LDATree
is an R modeling package for fitting
classification trees. If you are unfamiliar with classification trees,
here is a tutorial
about the traditional CART and its R implementation
rpart
.
Compared to other similar trees, LDATree
sets itself
apart in the following ways:
It applies the idea of LDA (Linear Discriminant Analysis) when selecting variables, finding splits, and fitting models in terminal nodes.
It addresses certain limitations of the R implementation of LDA
(MASS::lda
), such as handling missing values, dealing with
more features than samples, and constant values within groups.
Re-implement LDA using the Generalized Singular Value Decomposition (GSVD), LDATree offers quick response, particularly with large datasets.
The package also includes several visualization tools to provide deeper insights into the data.
Currently, LDATree
offers two methods to construct a
tree:
The first method utilizes a direct-stopping rule, halting the growth process once specific conditions are satisfied.
The second approach involves pruning: it permits the building of a larger tree, which is then pruned using cross-validation.
LDATree
offers two plotting methods:
You can use plot
directly to view the full tree
diagram.
To check the individual plot for the node that you are interested in, you have to input the (training) data and specify the node index.
# Three types of individual plots
# 1. Scatter plot on first two LD scores
plot(fit, data = iris, node = 1)
# Prediction only
predictions <- predict(fit, iris)
head(predictions)
#> [1] "setosa" "setosa" "setosa" "setosa" "setosa" "setosa"

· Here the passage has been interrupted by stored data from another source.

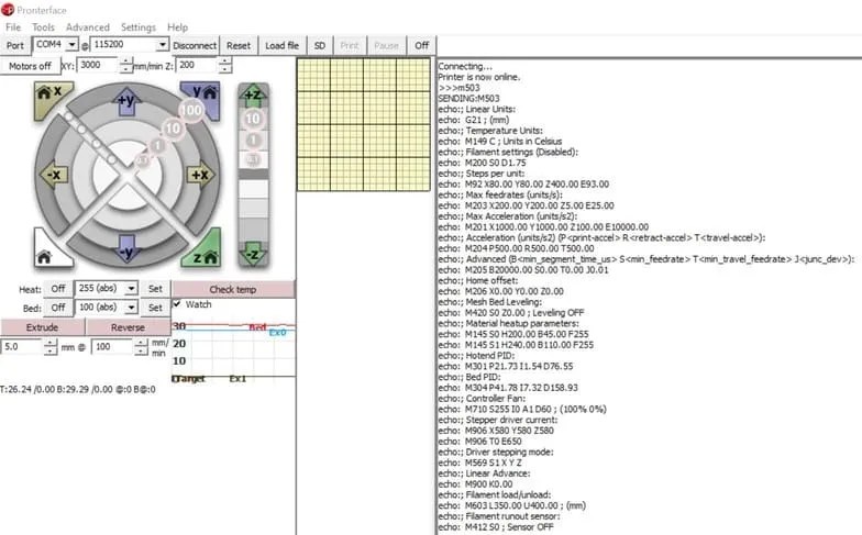 Con el hotend a temperatura ambiente y la impresora conectada a PRONTERFACE, enviamos el siguiente comando: M303 E0 S205 C8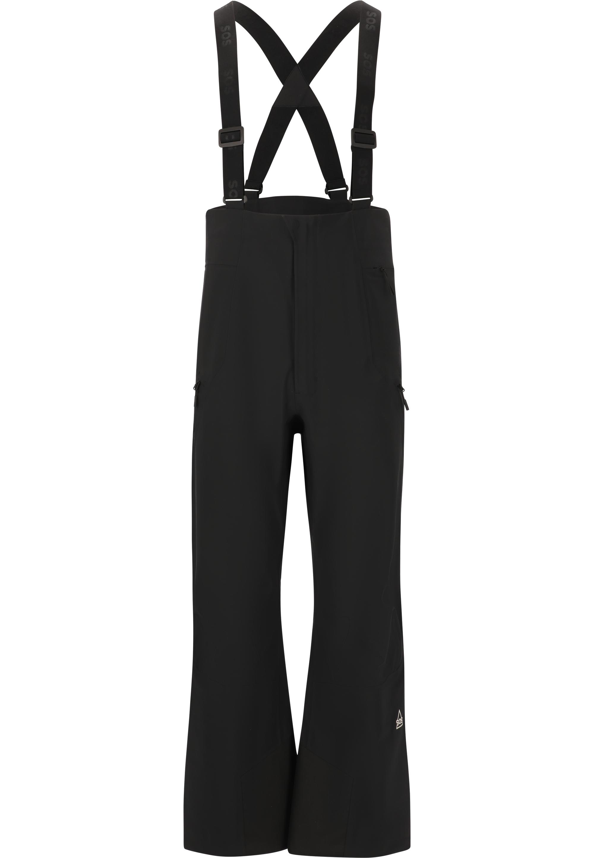 Mit ihrem funktionalen und sportlichen Design bringt die "Hoverla" Ski-Latzhose für Damen deine Wintererlebnisse aufs nächste Level. Sie ist mit 15.000 mm Wassersäule hochgradig wasserdicht und hält mithilfe von getapten Nähten und einer atmungsaktiven und wasserabweisenden Bionic Finish-Membran Nässe zuverlässig fern. Zusätzlichen Schutz vor den Elementen bietet die Hose mithilfe von Schneefängen, und verstärkte Elemente machen sie noch langlebiger und strapazierfähiger. In den praktischen Seitentaschen kannst du wichtige Gegenstände zuverlässig verstauen. Genieße deine Winterabenteuer in vollen Zügen und mit optimalem Schutz vor der Witterung mit "Hoverla" von SOS!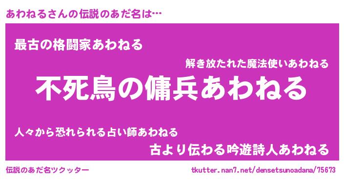 | 意味不明あだ名 | 『住所不定無職あわねる(68歳)』 |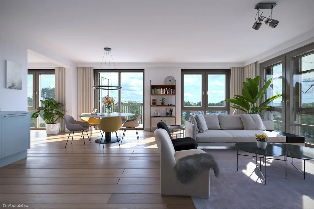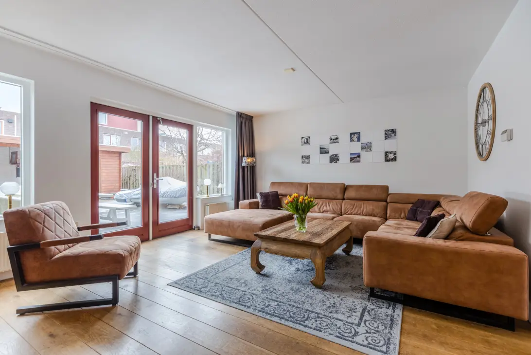 De royale woonkamer is voorzien van een houten vloer en strakke wanden. De grote raampartijen en openslaande tuindeuren zorgen voor een aangename lichtinval.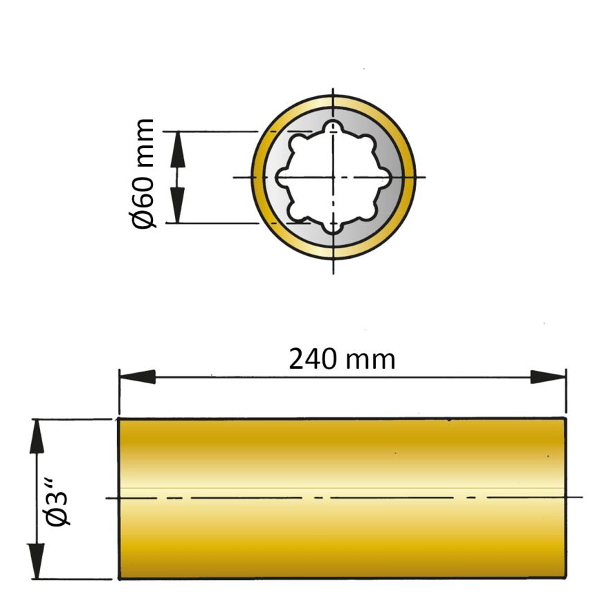 ØA 60 mm x ØB 3" x C 240 mm - vandsmurt stævnrørsleje / gummileje i fenol resin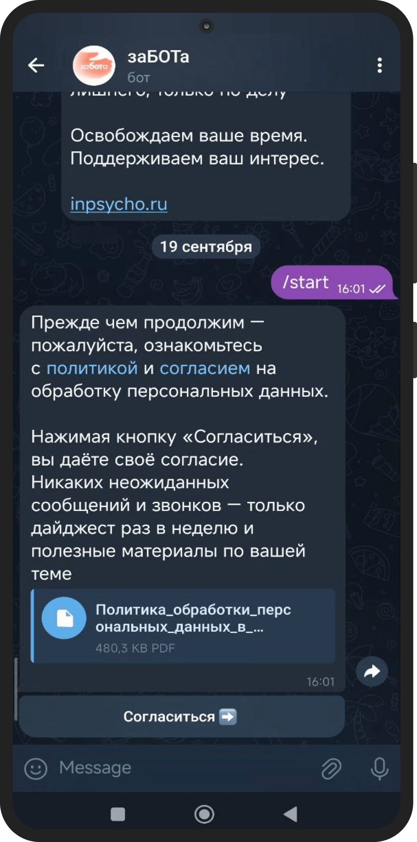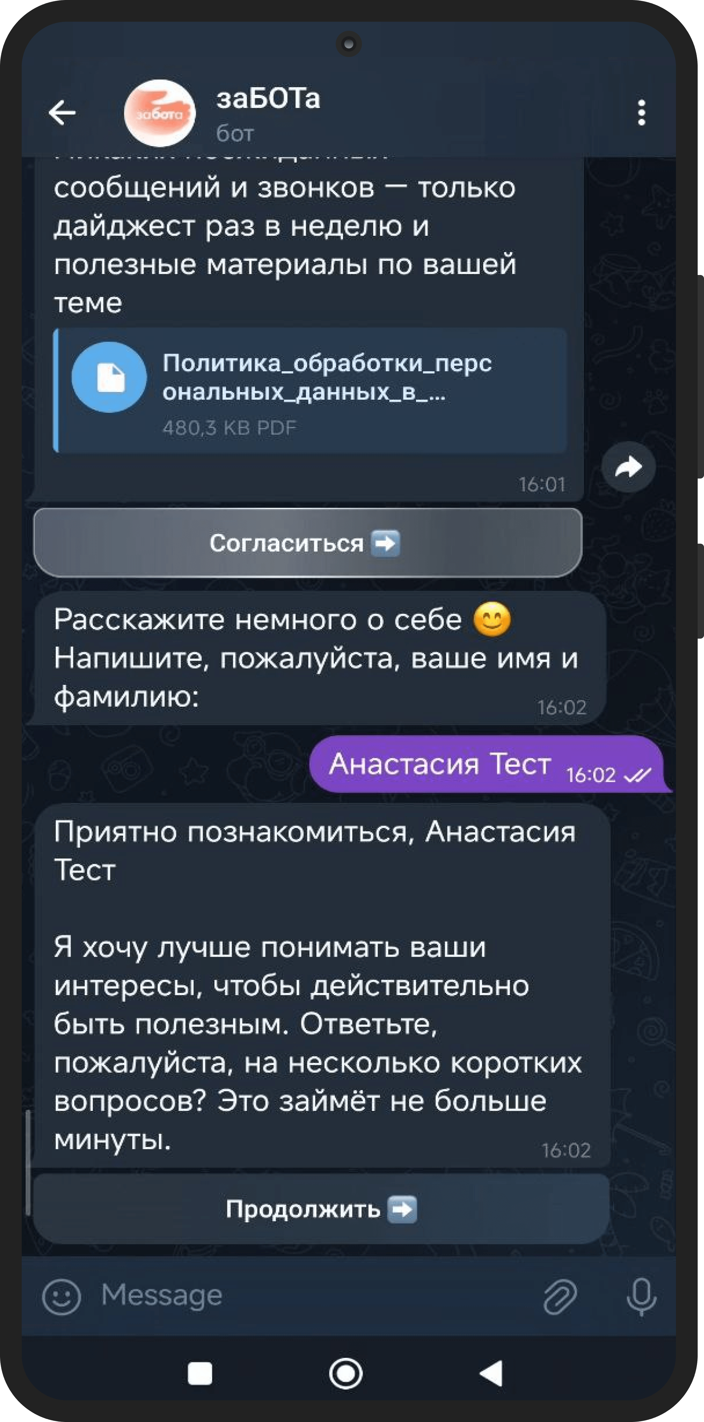 С первых секунд «заБОТа» объясняет, кто он такой: персональный помощник МИП. Пользователь соглашается с политикой обработки данных, указывает имя и фамилию и получает приглашение пройти короткую анкету.
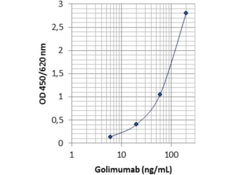 - There is no cross reaction with any other proteins present in native human serum. A screening test was performed with 48 different native human sera. All produced OD450/620 nm values (ranged from 0.008 to 0.115) less than the mean OD (0.168) of standard D (10 ng/mL). In addition, binding of Golimumab is inhibited by recombinant human TNF-α in a concentration dependent manner. Therefore, the Golimumab ELISA (mAb-Based) measures the biologically active free form of Golimumab, i.e. not pre-occuppied by TNF. No cross reaction was observed with sera spiked with the other therapeutic antibodies including Infliximab, Adalimumab, Etanercept, Rituximab, Trastuzumab, Tocillizumab, Omalizumab and Bevacizumab at concentrations up to 2 mg/mL. All produced mean OD450/620 nm values ranged from 0.008 to 0. 013.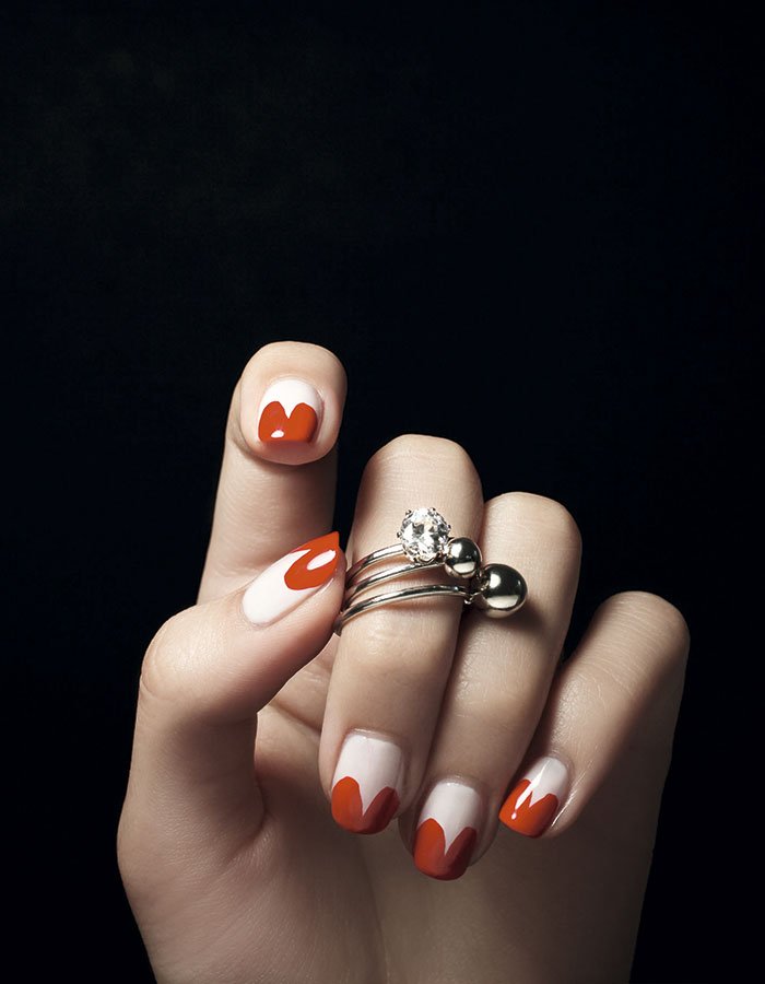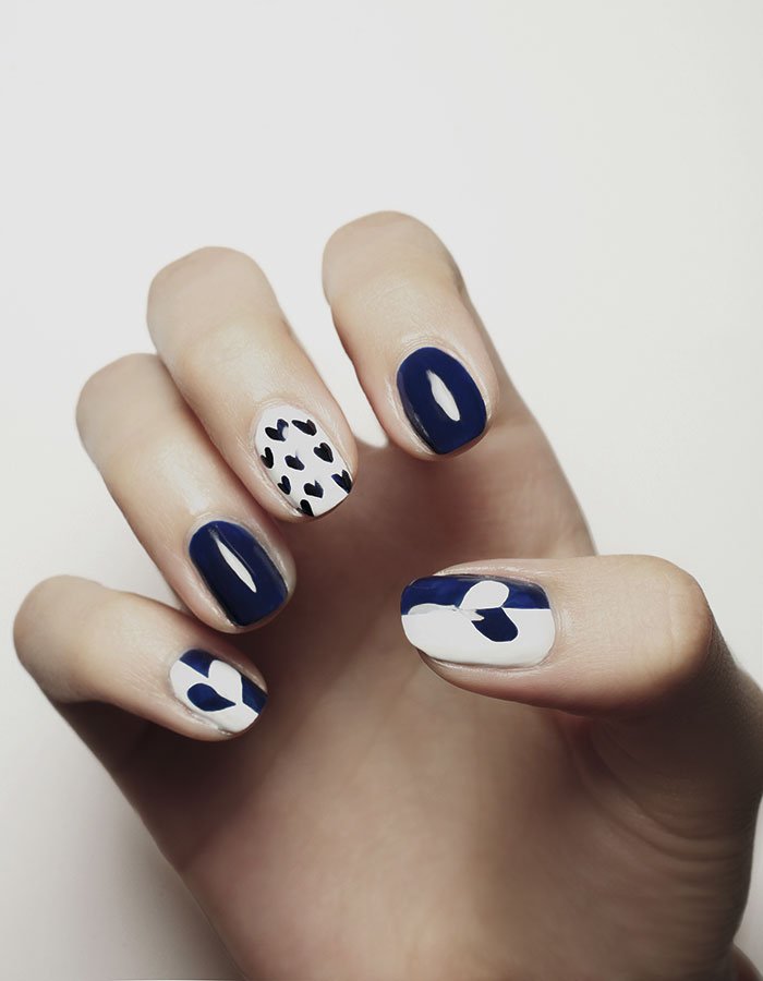 6) Para la uña del dedo mayor, sobre una base blanca y una vez que estuviera seca, con un pincel de manicure se dibujaron pequeñas ‘v’ para formar los corazones.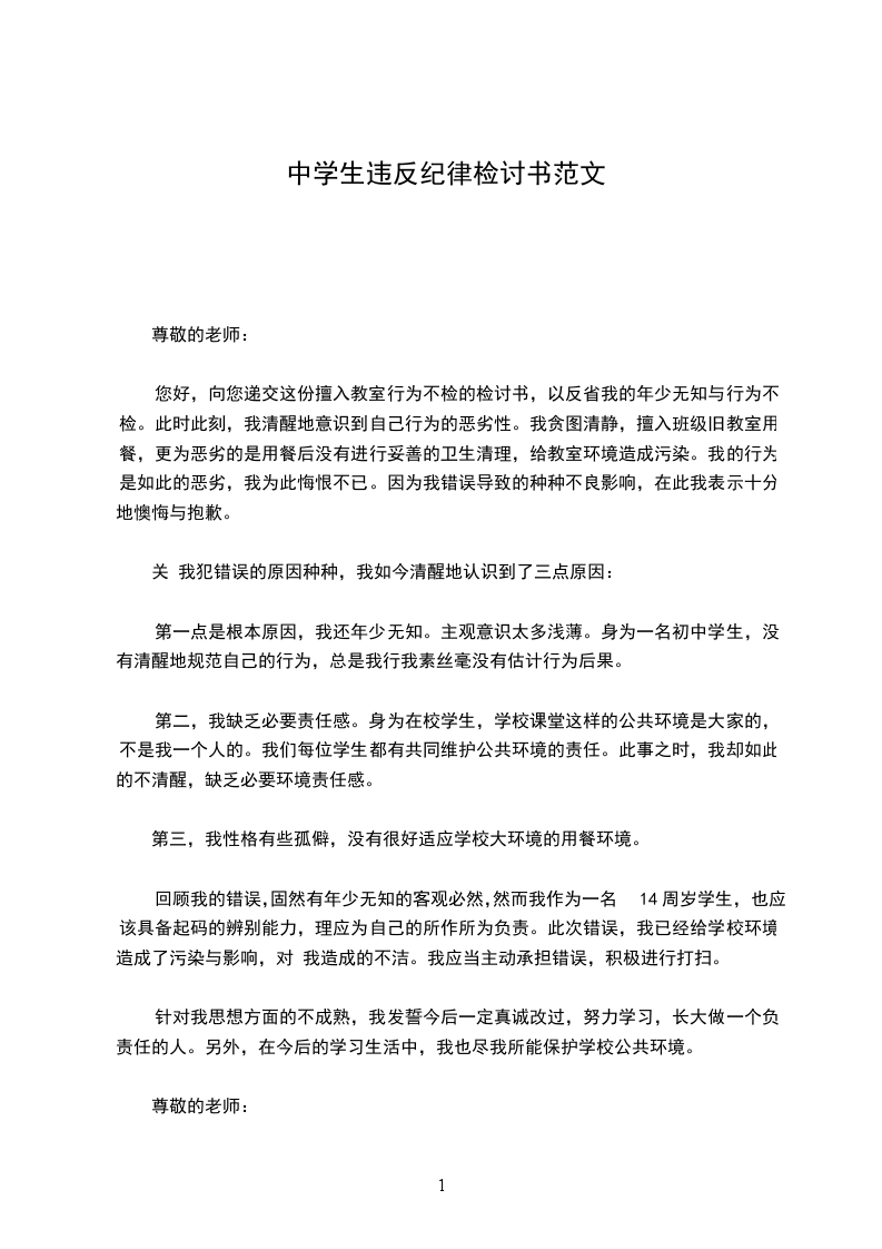 您好,向您递交这份擅入教室行为不检的检讨书,以反省我的年少无知与行为不检。此时此刻,我清醒地意识到自己行为的恶劣性。我贪图清静,擅入班级旧教室用餐,更为恶劣的是用餐后没有进行妥善的卫生清理,给教室环境造成污染。我的行为是如此的恶劣,我为此悔恨不已。因为我错误导致的种种不良影响,在此我表示十分地懊悔与抱歉。

For missing values, you do not need to specify anything (unless you
want to); LDATree
will handle it. By default, it fills in
missing numerical variables with their mean and adds a missing flag. For
missing factor variables, it assigns a new level. For more options,
please refer to help(Treee)
.
As we re-implement the LDA/GSVD and apply it in the model fitting, a
by-product is the ldaGSVD
function. Feel free to play with
it and see how it compares to MASS::lda
.